Loan Closings

At one time in the lives of most people, they buy a home. If they borrow the money to do so, they go through a “loan closing.” In Mississippi that is frequently, but not always, handled by an attorney from start to finish. That means the attorney has searched the county and possibly city land records to verify that the title to the property is free of defects. The buyer and the lender loaning the purchase money for the property need to know that the buyer will actually own the property (the seller actually owns it) and that there are no liens of any type. Liens that are routinely found which affect property are deeds of trusts (like a mortgage), judgments, federal tax liens and construction liens. There are others. Even if there is no lender involved, you definitely want to verify you are getting what you are paying for. You need an attorney’s certificate that he or she has searched the records and that there are no title problems.
                  A popular misconception is that the attorney’s title search will reveal all problems, if any, with the property being purchased. That is not true; you may want a surveyor to verify the property lines and you must realize that the attorney will not physically go to the property to verify that someone else is not occupying it.
                  Other documents associated with loan closings or other transfers of property are deeds, promissory notes, and deeds of trust. A deed is the document signed by the seller conveying title to the buyer. A promissory note is the document the buyer signs for the bank (or maybe the seller if they are doing the financing) promising to pay the purchase price. The deed of trust is a pledge to the lender that you will repay the loan (the amount in the note) and, if you do not, it gives them the right to sell the property to recover the money they loaned.

                  Numerous documents will be signed at a traditional loan closing but most  of those are prepared by your lender or the lender’s attorney. Most are required by federal law.

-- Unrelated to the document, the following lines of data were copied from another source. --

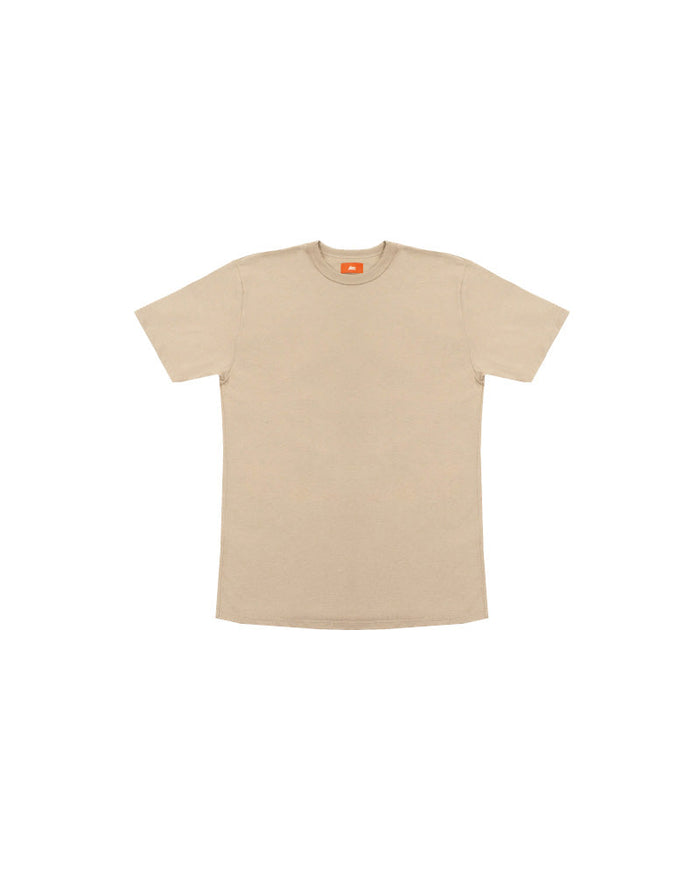 Men's basic regular-fit sand-colored T-shirt, made from 250g soft 100% cotton, with a classic cut. A versatile essential.
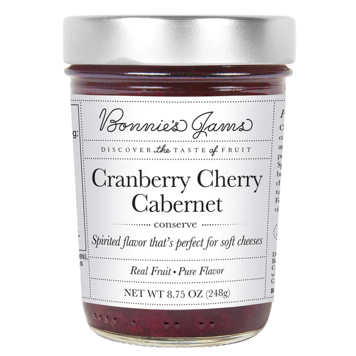 Cranberry Cherry Cabernet’s wonderful combination of cranberries, sour cherries, and a splash of Cabernet Sauvignon is the perfect companion for holiday entertaining. Spoon over a log of fresh chèvre or a baked brie, make it a festive addition to your cheese board
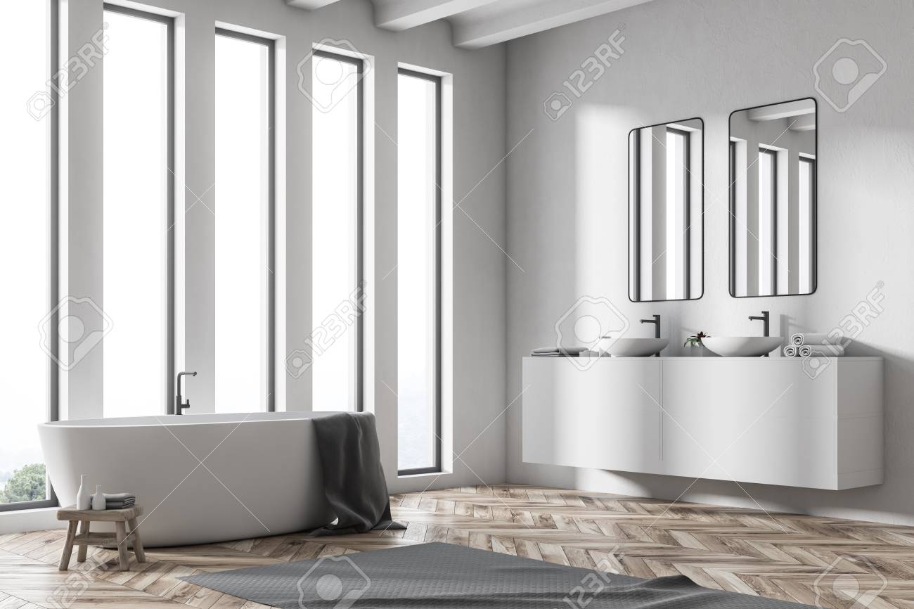 Loft White Bathroom Corner With A Wooden Floor A White Tub
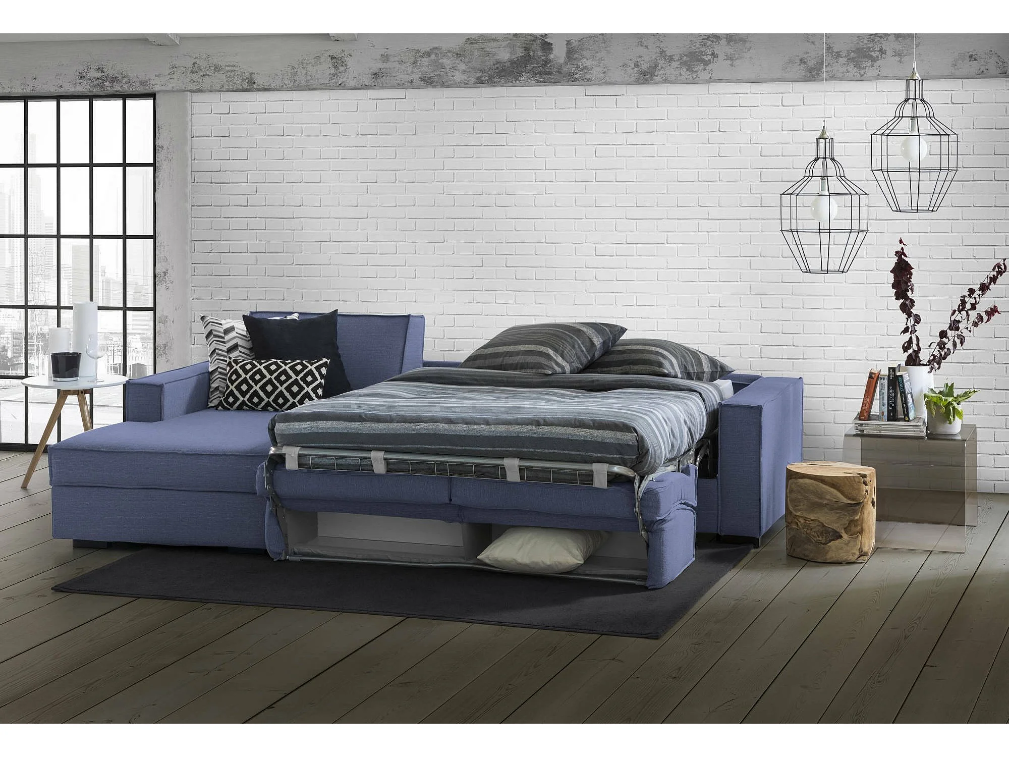 Sofá-cama Daalber, Sofá de canto, 100% Fabricado na Itália, Sofá com abertura giratória, Península de armazenamento esquerda, com braços padrão, 280x95h90 cm, Azul
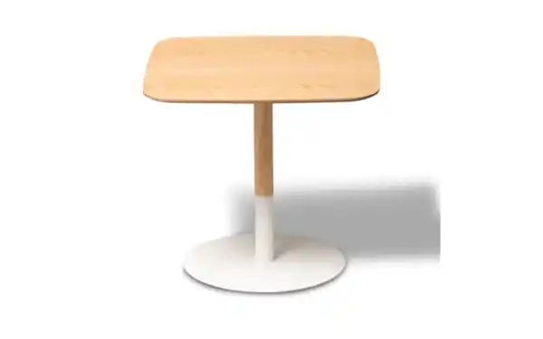 Ausführung der Tischplatte in naturfarben, Eiche furniert, Bodenplatte aus Metall in weiß,
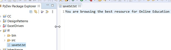 savetxt.txt 檔案會在專案中生成,其中捕獲自該頁面的文字。

What are the fees for talking with your staff or your attorneys? There is never any fee for your initial conversation or meeting with our paralegals. They will take your general information about your matter and you. Then, they will be able to tell you about fees that might apply. If it is an unusual matter, you will meet with an attorney free of charge for the first fifteen minutes to find out what can be done and what the fees might be. There is never an hourly charge for any time spent with attorneys or staff for automobile accidents resulting in bodily injury, medical or other professional malpractice, workers compensation cases, and most other cases involving recovery of property or breach of a contract. Those matters are almost always handled on a contingency fee basis. Regardless, you will be told in advance if any fee is to be charged and how it will be determined. Other matters, generally involve a fee based on the time spent in giving you advice or providing services. Once again, you will be told about that in advance, before any fees are incurred.
What is a contingency fee? When you are hurt on the job or suffer a personal injury (automobile accident, medical malpractice, etc.,) upon employment, this firm will represent you in those matters for a percentage of the recovery. That means if you recover nothing, the attorney receives no fee. The percentage will usually depend on the type of case and the chances of recovery (risk of loss) in the particular case.
What do I need for my first meeting with an attorney? That will depend on the type of legal matter. The paralegal you speak with initially when making an appointment can probably answer that question once he or she knows about the basics of the matter. Generally, if the legal matter involves documents, such as contracts, letters, summons to court, leases, insurance policies, you need all of those documents for the attorney’s review.
What contracts should I have reviewed by an attorney before I sign? More than you realize. There are some contracts you probably do not need advice about. Contracts for small amounts of money, and “adhesion contracts” fall into that category. Adhesion contracts are the type you generally run across when buying an airplane ticket, buying a car or leasing a copier from Xerox. Even if you do not like the terms of the agreement, the other party is not going to change anything to suit you. It’s a take it or leave it transaction.  However, a surprising number of people will sign form and other contracts that are negotiable, and which involve tens of thousands of dollars, without having an attorney review it.  One that comes to mind is the realtor’s agreement for the purchase or sale of a home. Another is a home or apartment lease which obligates you to rent for many months or a few years. If you are committing several thousand dollars in a written agreement, somebody prepared that agreement to protect one of the parties. Usually that protected party is not you.